Williams is already extremely unusual among colleges for the relatively low percentage of tenure-track professors who receive tenure.
It might not matter much in a discipline like History where there are 10 PhDs for every job (disclaimer: i’m making up the number), but certainly in Mathematics Williams is looked upon less favorably by some very good candidates in part because they see they only have about a 50% chance of getting tenure.
If Williams wants to take more chances on faculty members, then I suggest they offer 2-3 year temporary postdoctoral positions, perhaps establishing a Bolin-like program for people who have gotten their PhDs. (See also the Consortium for a Strong Minority Presence.) This way, these temporary faculty leave without the stigma in the job market of having been denied reappointment or tenure. It is always possible to keep a small number of them (say 10%) when “a permanent position opens up”. The only disadvantage is that the applicant pool for these kinds of positions will generally have less experience. On the other hand, there might be some applicants who will apply for such a temporary job but not for a tenure-track job because they are willing to spend 2 years in Williamstown to learn from some of the best teachers around but are not willing to consider the possibility of spending their life in rural New England.
I am pretty sure that Mathematics is an extreme in this regard, but it would not suprise me if, out of the hundred or more applications for the job in math last year, there was not a single black or Hispanic applicant.
Out of 459 PhDs in mathematics and statistics granted to U.S citizens in 2003-2004, 13 went to African-Americans, and 13 to Hispanics. Out of the top 47 (NRC ranking) mathematics departments, whose graduates Williams is overwhelmingly likely to hire from, there were 3 African-Americans and 3 Hispanics out of 179 PhDs granted to U.S. citizens. (This data is from the AMS Annual Survey.)
Other colleges and universities want these black and Hispanic mathematicians, for the same reasons that Williams does, and the location of Williams (where a black faculty member could almost go a whole week without seeing another black person) is likely to be a significant disadvantage in recruiting these people.
The reality in some academic fields it that there are almost no minorities to hire. I am not sure those of you who don’t know the academic job market have grasped how hard it might be to hire minorities in some fields.
Is there a reason which should cause me to care?
I think that Whitney’s analysis got at what is (to me) the single most troubling element of the diversity report: that an (unspecified percentage of) faculty lines should be allocated on the basis of the skin color of the likely job recipient.
To give a concrete example, Marquette University this year implemented a quite extreme diversity policy, mandating that a minority candidate be among those interviewed for all faculty positions.
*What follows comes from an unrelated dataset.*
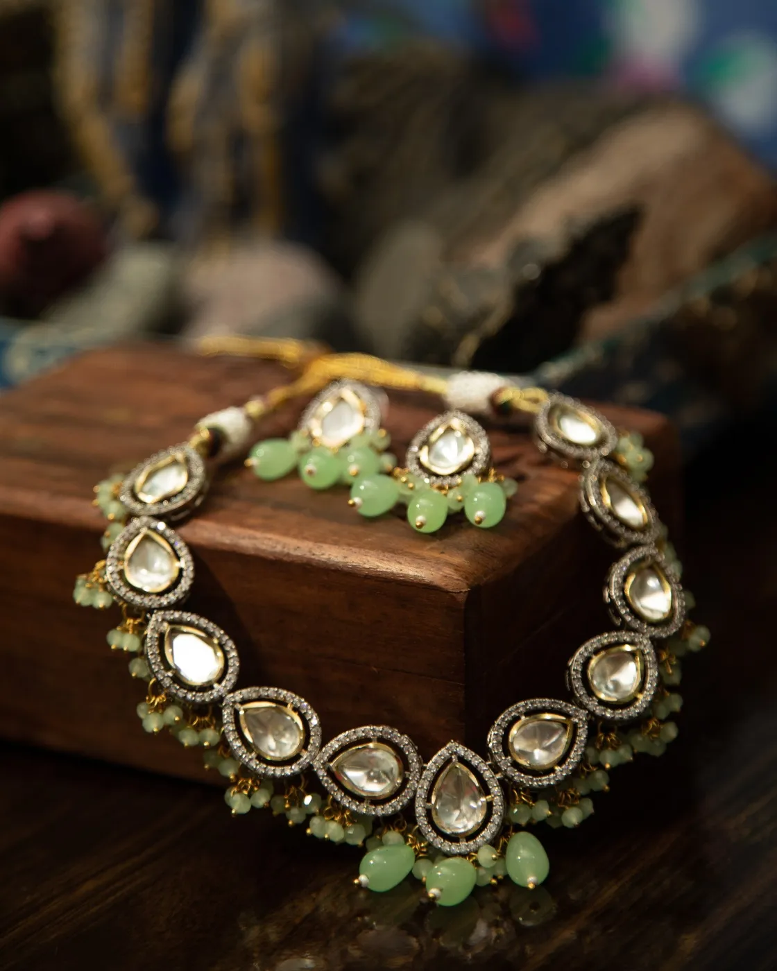 Crafted with the finest materials, Inayat features a single line of exquisite polki with stunning sea green-colored hydrobeads and crystal beads that add a pop of color to its minimalist design. This necklace exudes an air of refined beauty, making it the perfect accessory for any occasion.

The result: in History, the department decided to modify a proposed line in the history of US foreign relations to an emphasis on US immigration and ethnicity, believing (probably correctly) that more minority candidates would study the latter than the former. The department chair also expressed concern about how this policy will play out when the department needs to fill positions in German and Russian history, fields that it seems very few minority candidates study.
The long-term effect of this kind of policy (if sustained over a 12-15 year period) would be a dramatic transformation of the curriculum, as fields that (for whatever reason) minority candidates tended not to study would, over time, simply be dropped from the curriculum–such as, in the Marquette example, US foreign relations, German history, and Russian history.
That type of change might be a good thing (I obviously don’t think it is). But the diversity report should at least raise the point, and explain why such a curricular transformation will improve the overall quality of a Williams education.